_Provided data_.

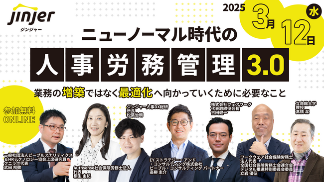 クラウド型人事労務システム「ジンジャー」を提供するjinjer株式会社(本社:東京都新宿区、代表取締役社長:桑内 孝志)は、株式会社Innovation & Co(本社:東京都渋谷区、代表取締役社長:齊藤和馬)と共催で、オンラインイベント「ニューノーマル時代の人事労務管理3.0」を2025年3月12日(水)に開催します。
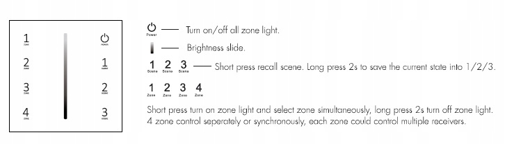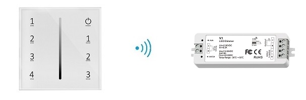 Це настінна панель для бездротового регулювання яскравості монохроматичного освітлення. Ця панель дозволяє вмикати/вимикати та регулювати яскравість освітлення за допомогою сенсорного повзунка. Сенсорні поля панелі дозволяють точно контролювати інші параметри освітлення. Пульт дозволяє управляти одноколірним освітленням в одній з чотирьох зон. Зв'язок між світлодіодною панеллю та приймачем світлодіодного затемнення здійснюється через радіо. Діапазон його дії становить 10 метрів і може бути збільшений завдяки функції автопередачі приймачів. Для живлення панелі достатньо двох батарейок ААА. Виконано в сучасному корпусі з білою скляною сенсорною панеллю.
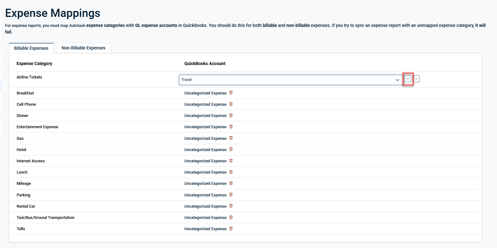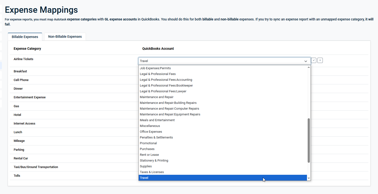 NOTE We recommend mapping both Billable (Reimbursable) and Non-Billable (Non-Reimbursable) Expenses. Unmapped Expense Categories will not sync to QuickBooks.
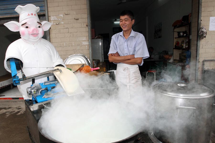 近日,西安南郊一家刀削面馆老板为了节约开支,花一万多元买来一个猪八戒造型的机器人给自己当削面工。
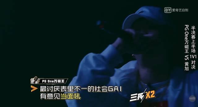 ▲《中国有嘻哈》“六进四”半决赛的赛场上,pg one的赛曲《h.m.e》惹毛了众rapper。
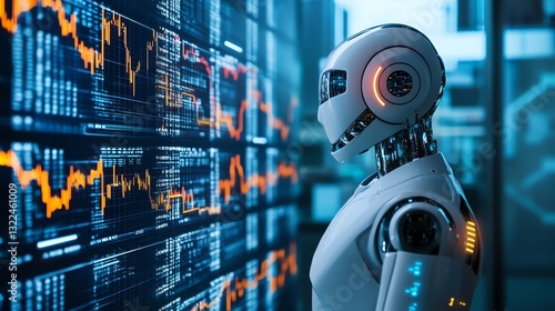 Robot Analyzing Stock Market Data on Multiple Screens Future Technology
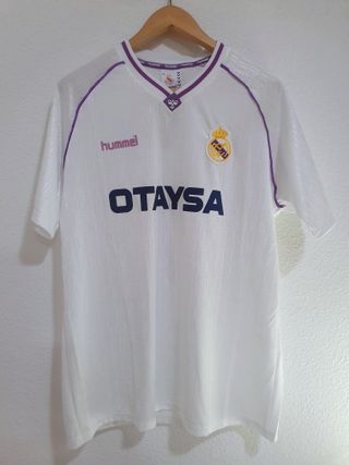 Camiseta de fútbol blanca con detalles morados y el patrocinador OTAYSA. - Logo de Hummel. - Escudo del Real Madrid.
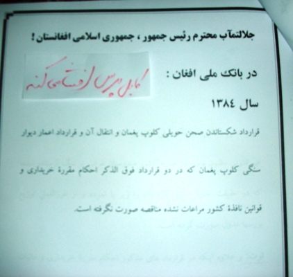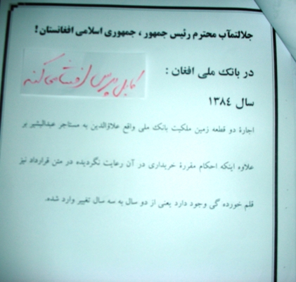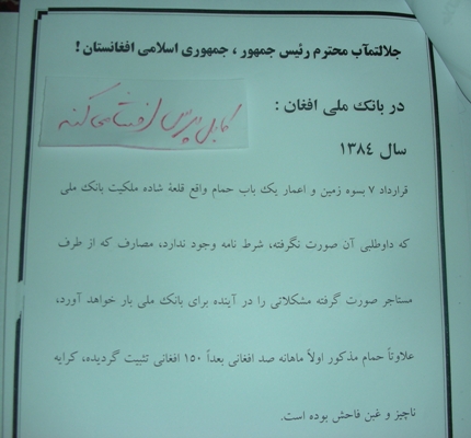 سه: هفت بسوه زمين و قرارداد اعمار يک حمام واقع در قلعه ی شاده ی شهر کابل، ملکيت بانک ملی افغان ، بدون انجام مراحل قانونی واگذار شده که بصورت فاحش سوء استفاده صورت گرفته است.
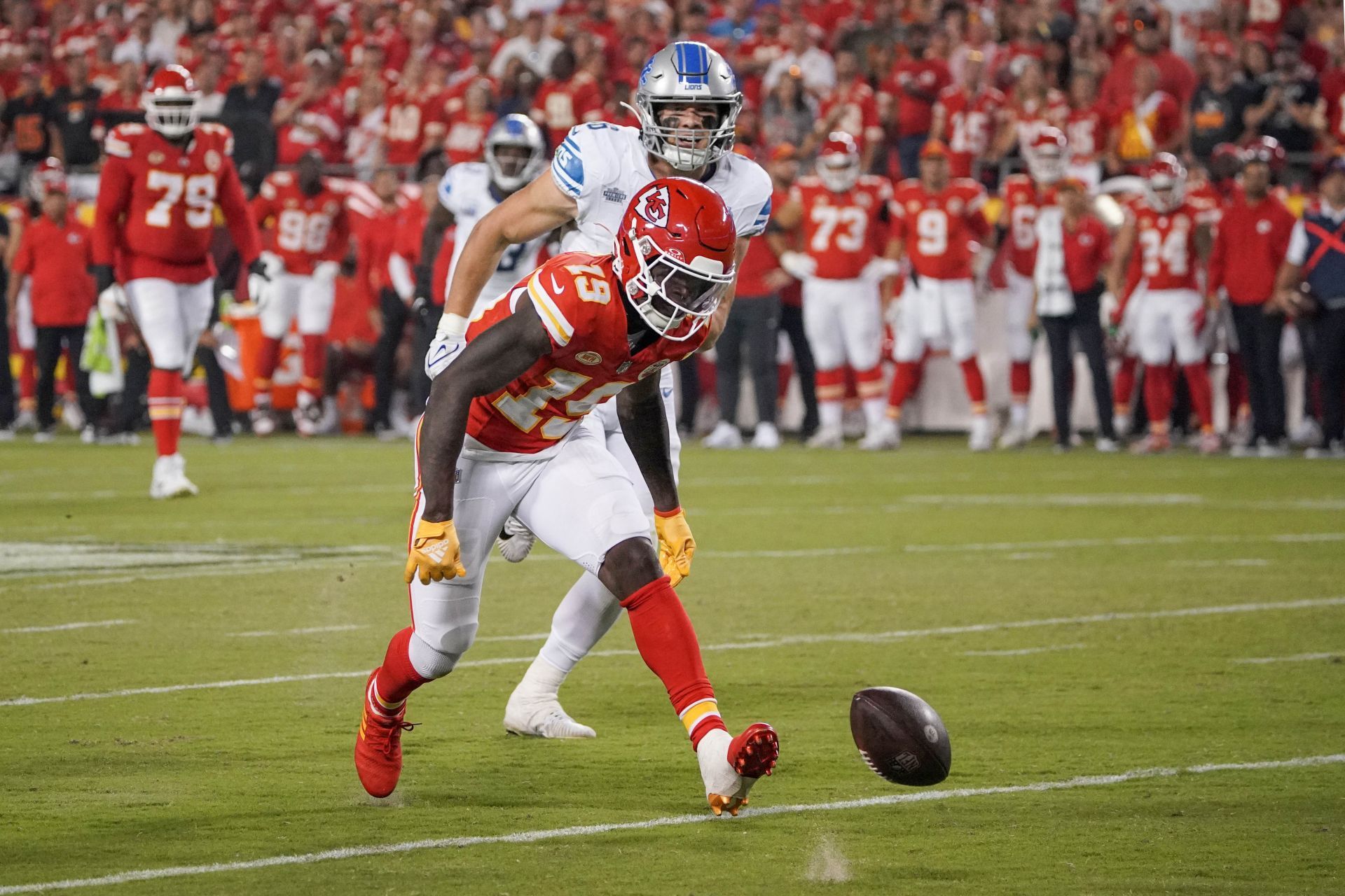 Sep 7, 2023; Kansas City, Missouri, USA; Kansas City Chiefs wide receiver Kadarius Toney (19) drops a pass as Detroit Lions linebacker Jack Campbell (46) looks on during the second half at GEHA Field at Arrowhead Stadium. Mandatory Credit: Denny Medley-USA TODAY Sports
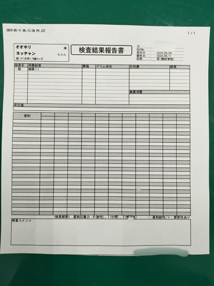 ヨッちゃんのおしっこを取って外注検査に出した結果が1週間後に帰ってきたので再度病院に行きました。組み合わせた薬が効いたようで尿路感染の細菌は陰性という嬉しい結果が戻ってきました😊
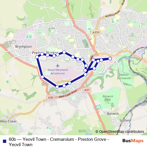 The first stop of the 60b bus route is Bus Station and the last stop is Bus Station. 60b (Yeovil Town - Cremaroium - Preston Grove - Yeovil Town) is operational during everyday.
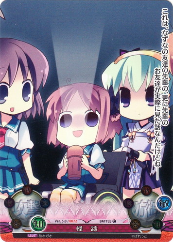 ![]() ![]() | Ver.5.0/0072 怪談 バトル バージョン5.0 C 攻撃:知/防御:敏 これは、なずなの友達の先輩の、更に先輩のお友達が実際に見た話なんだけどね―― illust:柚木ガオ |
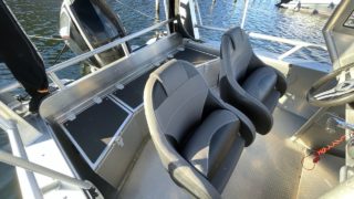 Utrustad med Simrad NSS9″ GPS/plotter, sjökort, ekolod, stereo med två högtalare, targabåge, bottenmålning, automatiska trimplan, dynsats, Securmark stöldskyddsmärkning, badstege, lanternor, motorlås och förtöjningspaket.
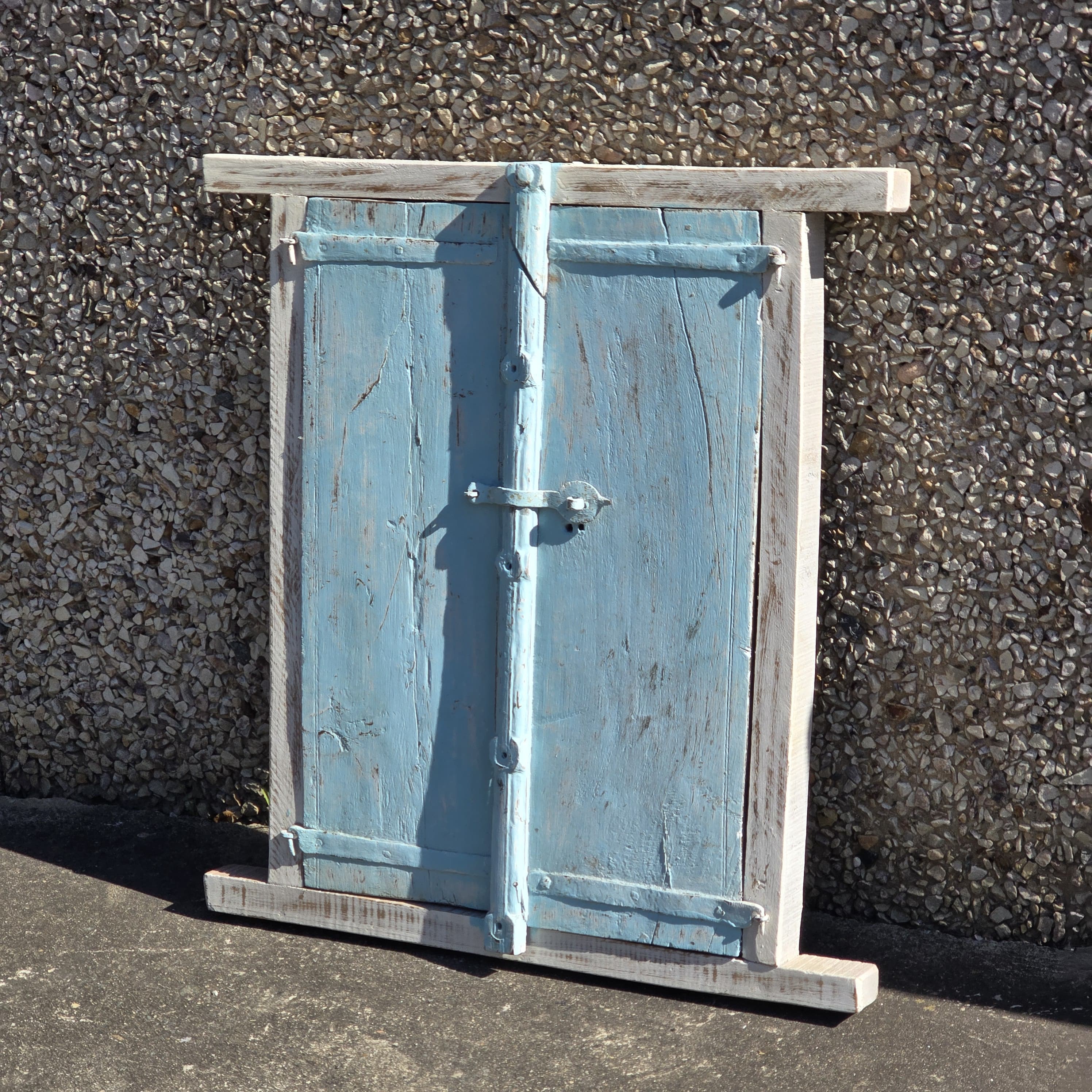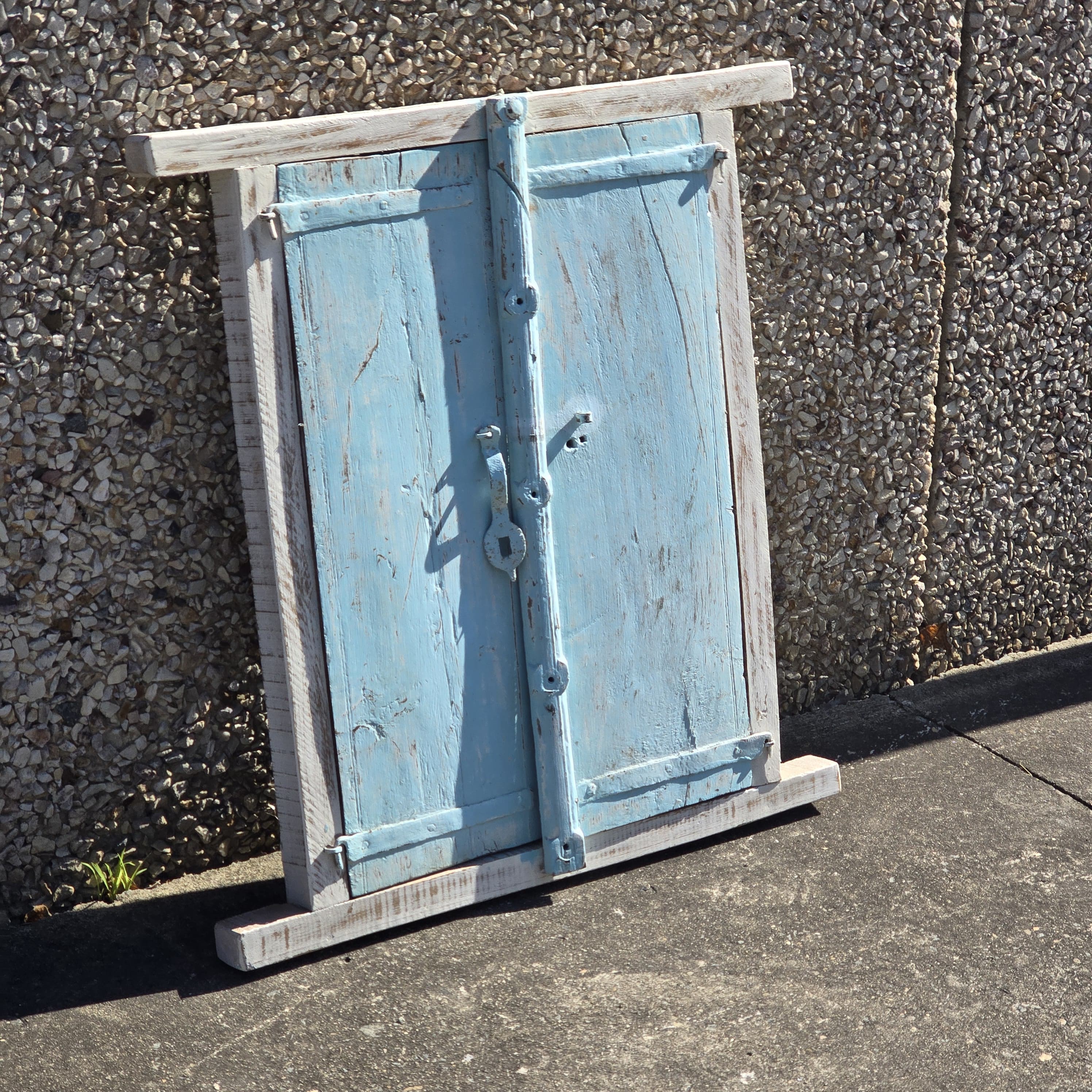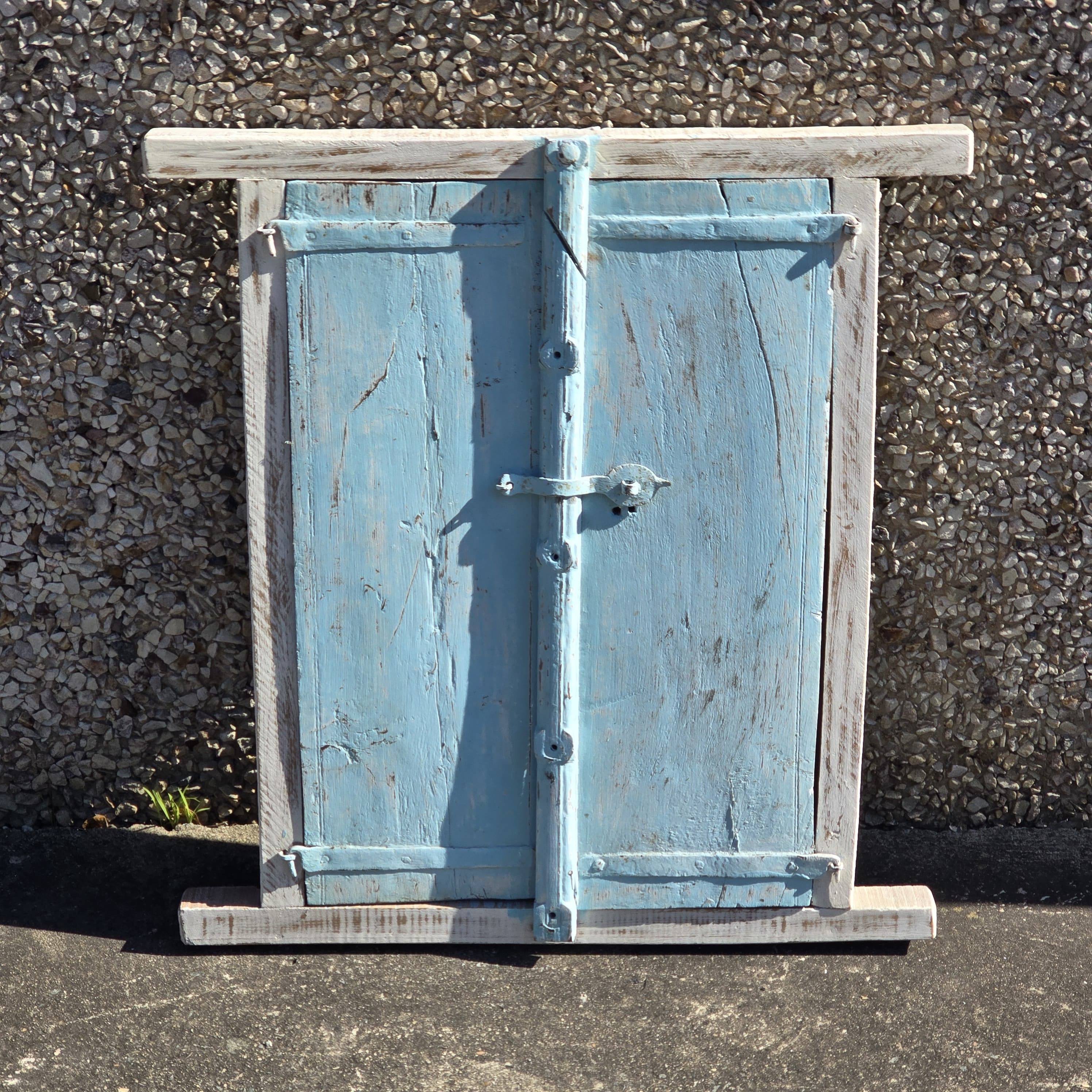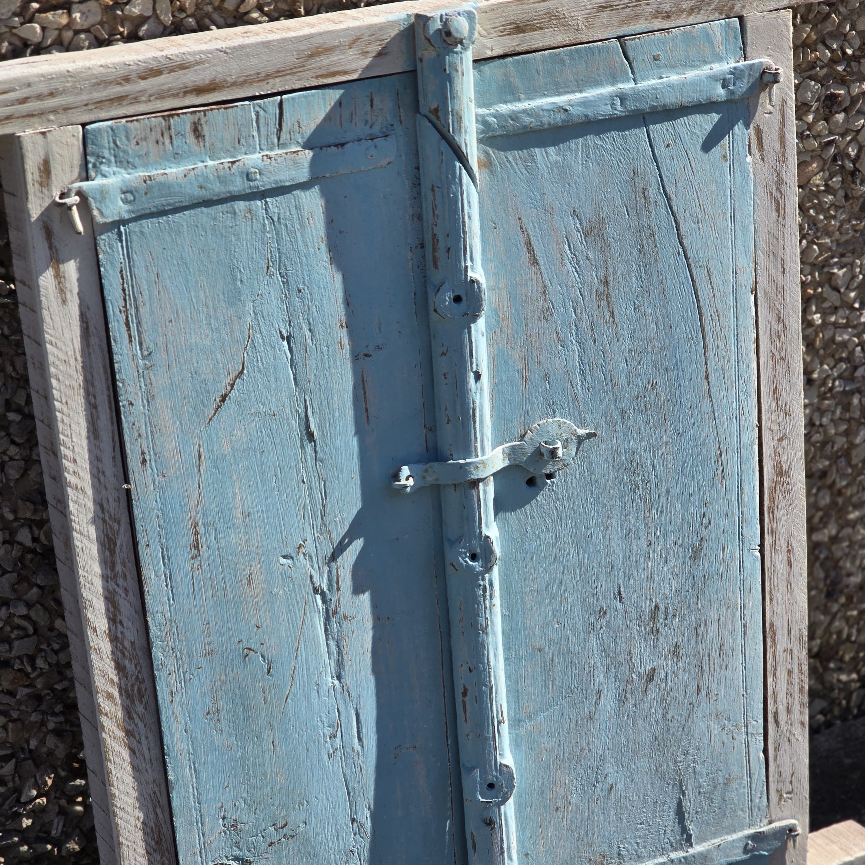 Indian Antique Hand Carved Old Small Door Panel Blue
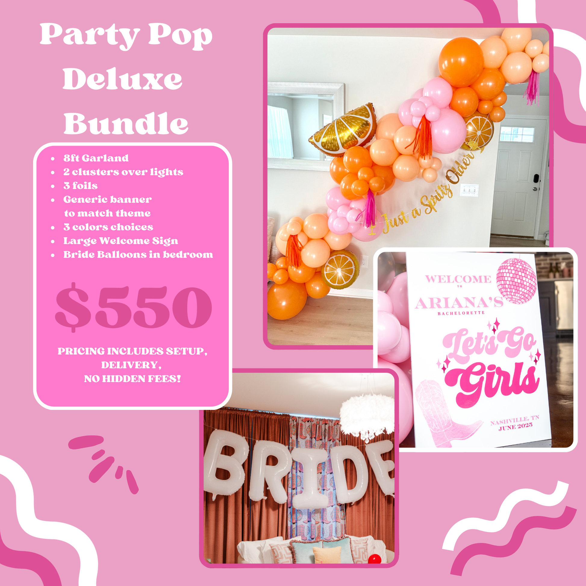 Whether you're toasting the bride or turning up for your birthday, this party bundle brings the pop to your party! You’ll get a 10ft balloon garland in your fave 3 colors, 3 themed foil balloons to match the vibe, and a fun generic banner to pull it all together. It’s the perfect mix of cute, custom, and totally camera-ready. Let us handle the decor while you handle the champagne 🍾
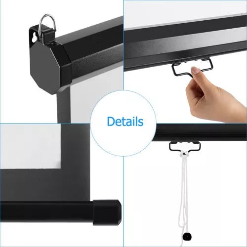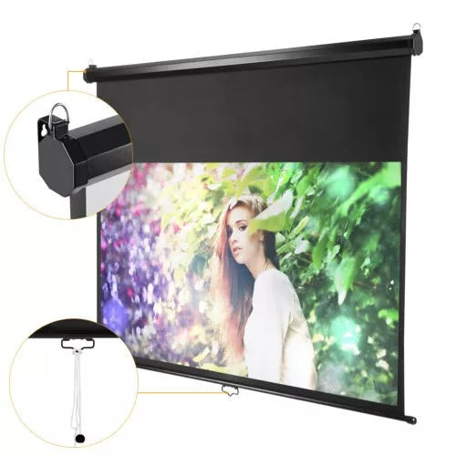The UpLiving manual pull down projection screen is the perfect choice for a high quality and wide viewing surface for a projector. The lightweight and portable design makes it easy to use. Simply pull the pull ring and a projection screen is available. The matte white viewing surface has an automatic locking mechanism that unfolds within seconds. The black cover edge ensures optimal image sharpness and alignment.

_Problem description_. Extract word for word every line from the line that contains "Robot Analyzing Stock" to the final line of the data, both included, and nothing else; skip the pictures.

_Output_.
 Robot Analyzing Stock Market Data on Multiple Screens Future Technology
 Camiseta de fútbol blanca con detalles morados y el patrocinador OTAYSA. - Logo de Hummel. - Escudo del Real Madrid.
 سه: هفت بسوه زمين و قرارداد اعمار يک حمام واقع در قلعه ی شاده ی شهر کابل، ملکيت بانک ملی افغان ، بدون انجام مراحل قانونی واگذار شده که بصورت فاحش سوء استفاده صورت گرفته است.
 Sep 7, 2023; Kansas City, Missouri, USA; Kansas City Chiefs wide receiver Kadarius Toney (19) drops a pass as Detroit Lions linebacker Jack Campbell (46) looks on during the second half at GEHA Field at Arrowhead Stadium. Mandatory Credit: Denny Medley-USA TODAY Sports
 ヨッちゃんのおしっこを取って外注検査に出した結果が1週間後に帰ってきたので再度病院に行きました。組み合わせた薬が効いたようで尿路感染の細菌は陰性という嬉しい結果が戻ってきました😊
 The first stop of the 60b bus route is Bus Station and the last stop is Bus Station. 60b (Yeovil Town - Cremaroium - Preston Grove - Yeovil Town) is operational during everyday.
 ![]() ![]() | Ver.5.0/0072 怪談 バトル バージョン5.0 C 攻撃:知/防御:敏 これは、なずなの友達の先輩の、更に先輩のお友達が実際に見た話なんだけどね―― illust:柚木ガオ |
 Utrustad med Simrad NSS9″ GPS/plotter, sjökort, ekolod, stereo med två högtalare, targabåge, bottenmålning, automatiska trimplan, dynsats, Securmark stöldskyddsmärkning, badstege, lanternor, motorlås och förtöjningspaket.
 Indian Antique Hand Carved Old Small Door Panel Blue
 Whether you're toasting the bride or turning up for your birthday, this party bundle brings the pop to your party! You’ll get a 10ft balloon garland in your fave 3 colors, 3 themed foil balloons to match the vibe, and a fun generic banner to pull it all together. It’s the perfect mix of cute, custom, and totally camera-ready. Let us handle the decor while you handle the champagne 🍾
The UpLiving manual pull down projection screen is the perfect choice for a high quality and wide viewing surface for a projector. The lightweight and portable design makes it easy to use. Simply pull the pull ring and a projection screen is available. The matte white viewing surface has an automatic locking mechanism that unfolds within seconds. The black cover edge ensures optimal image sharpness and alignment.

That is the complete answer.